Transportation and warehousing jobs on average pay a wage of about $29 an hour, according to the Labor Department. Jobs website Glassdoor put ILWU Local 23 longshoreman pay between $22 and $33 an hour, which is below the national average of $33.34.

Local 23 chapter vice president Brock Graber declined to comment on the status of negotiations.

The negotiation on wages was not expected to be this difficult, an aide for a member of Congress from California with knowledge of the negotiations told The Hill. The aide said the wage negotiations are “just the beginning” and that “there’s a lot more work to be done.”

Rank and file members of the union were not happy about their pay in light of the extra demands that were placed upon them during the pandemic, the aide said.

“ILWU workers risked and lost their lives during the pandemic to ensure grocery store shelves were stocked, PPE was made available, essential medical supplies were reaching our hospitals, and record volumes of consumer goods continued to reach the door steps of American consumers,” the ILWU said in a statement released on Friday.

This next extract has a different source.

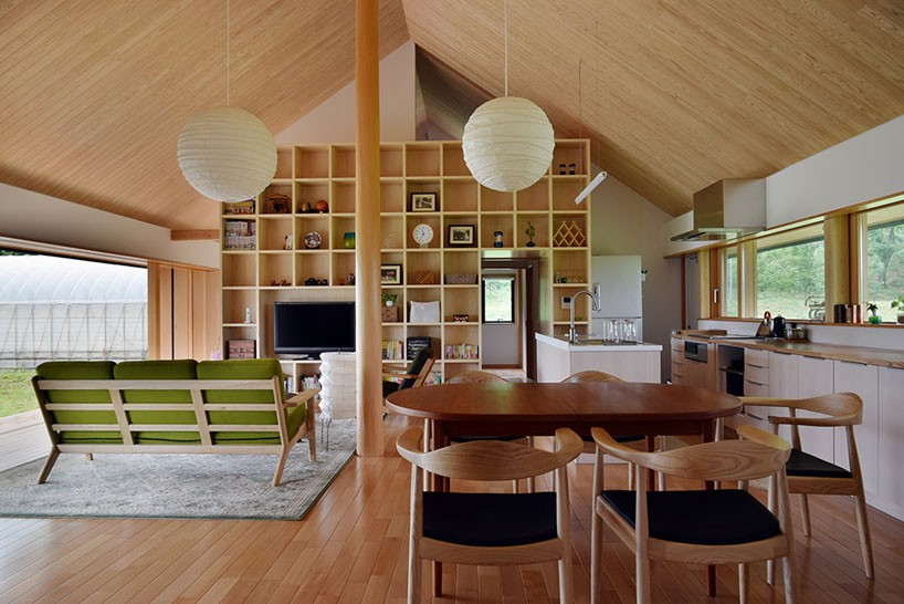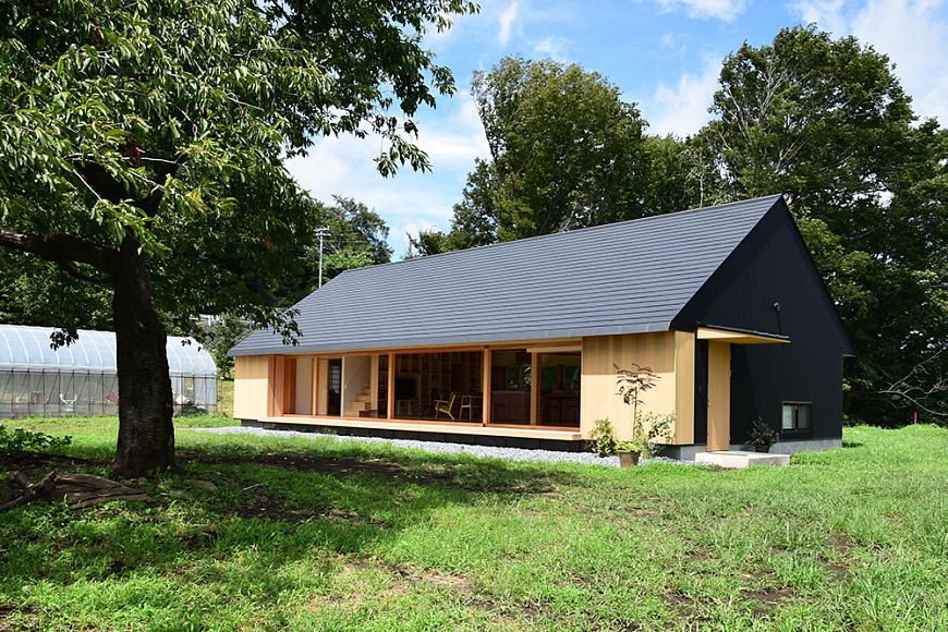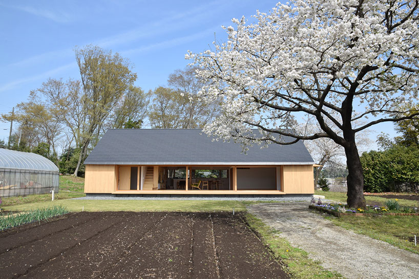 После реконструкции дом в Ацуги отображает простую и архетипичную форму, напоминающую традиционные соломенные фермы, где жили и сами заказчики, когда они были молоды. Внутри создано пространство открытой планировки с высокими потолками - 4,8 м. Здание удачно вписано в окружающий ландшафт, пейзаж является продолжением самого дома. Это еще сильнее подчеркивается огромными окнами по обеим сторонам дома и раздвижными дверями, ведущими на поля. Основным материалом является дерево, придающее интерьеру уютную атмосферу. При помощи раздвижных дверей владельцы могут свободно менять конфигурацию внутреннего пространства жилища.
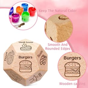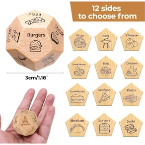 ¿Dificultad para decidir qué comer? ¡Deja que los dados elijan! Cada día es una sorpresa y la vida se vuelve más interesante. - ?Regalos para San Valentín para Él y Ella?Sorprende a tu ser querido con este set creativo que incluye un dado de comida. Perfecto para planear una noche romántica o romper la rutina del "¿Qué cenamos?" Solo lanza el dado y deja que el destino decida. Ideal para San Valentín, aniversarios o solo porque sí. Un regalo único para parejas, esposos, esposas, novios o novias. - ?12 Opciones de Comida para Parejas?Lanza el dado y descubre 12 deliciosas opciones: pizza, comida china, hamburguesas, sushi, bife, sándwiches, desayuno, comida mexicana, pollo, pasta, mariscos y ¡la carta comodín! Esto añade un giro divertido, haciendo de cada comida una aventura. Perfecto para canastas de Pascua, noches de juegos en pareja o como un relleno de media temporada para amantes de la comida. - ?Juego Interactivo y Divertido para Noches de Cita?¿Cansados de debatir siempre qué cenar? Nuestro dado para decidir la comida agrega emoción a tus noches de cita. Simplemente lánzalo y descubre deliciosas opciones que fomentan conversaciones divertidas. Un regalo práctico y gracioso para parejas, ideal para compromisos, bodas, cumpleaños, despedidas de soltera o incluso como un presente familiar lúdico. - ?Calidad Premium y Diseño Duradero?El dado de comida mide 4x4 cm, está elaborado en madera ligera y resistente con texto grabado con claridad. Su acabado natural mantiene la elegancia y el grabado profundo asegura legibilidad aún tras uso frecuente. Un regalo elegante y práctico para cualquier celebración. - ?Perfecto para Rellenos de Medias para Hombres, Mujeres y Adultos?Celebra momentos especiales con un regalo que sigue dando. Ideal para San Valentín, Halloween, Navidad o aniversarios. Este juego con dados genera risas y conexión. Ya sea para tu pareja, padres o amigos, es una manera única de crear recuerdos juntos.

“Despite this fact, from pre-pandemic levels through 2022, the percentage of ILWU wages and benefits continued to drop compared to PMA rising revenues,” the union said.

Gross profits were up more than 100 percent for PMA member company Maersk, which netted more than $38 billion in 2022. In 2021, as the economy roared back from the shutdowns during the pandemic, Maersk profits leaped up by more than 200 percent, according to financial data company Macrotrends.

Taiwanese ocean carrier Evergreen Marine Corp., another PMA member, set aside $62.2 million as a reward to its more than 3,100 employees, trade publication Maritime Executive reported in March, a sum “equivalent to 10 to 11 months of salary.”

These executive bonuses were enabled by $10.9 billion in 2022 profits for Evergreen, representing a 39-percent rise in profits over the previous year, Maritime Executive reported.

Work stoppages spiked in 2022 as elevated levels of inflation bit into paychecks and increased the cost of living, a phenomenon that was repeated in many dozens of countries all over the world.

Experts in organized labor say that cost of living adjustments which are tied to inflation and executed automatically with federal benefit programs like Social Security, used to be more commonly included in labor contracts but are now something of a rarity.

“During the last period of inflation in the 1980s, employers started reconsidering these 9 or 10 percent annual raises and started making concessions elsewhere. For the auto industry, one of the things they traded for that was profit-sharing,” Arthur Wheaton, director of labor studies at the Cornell School of Industrial and Labor Relations, said in an interview.

“They said, ‘We’re not going to give you cost of living, but if we’re making big money and big profits, we’ll give you a part of that,’” he said.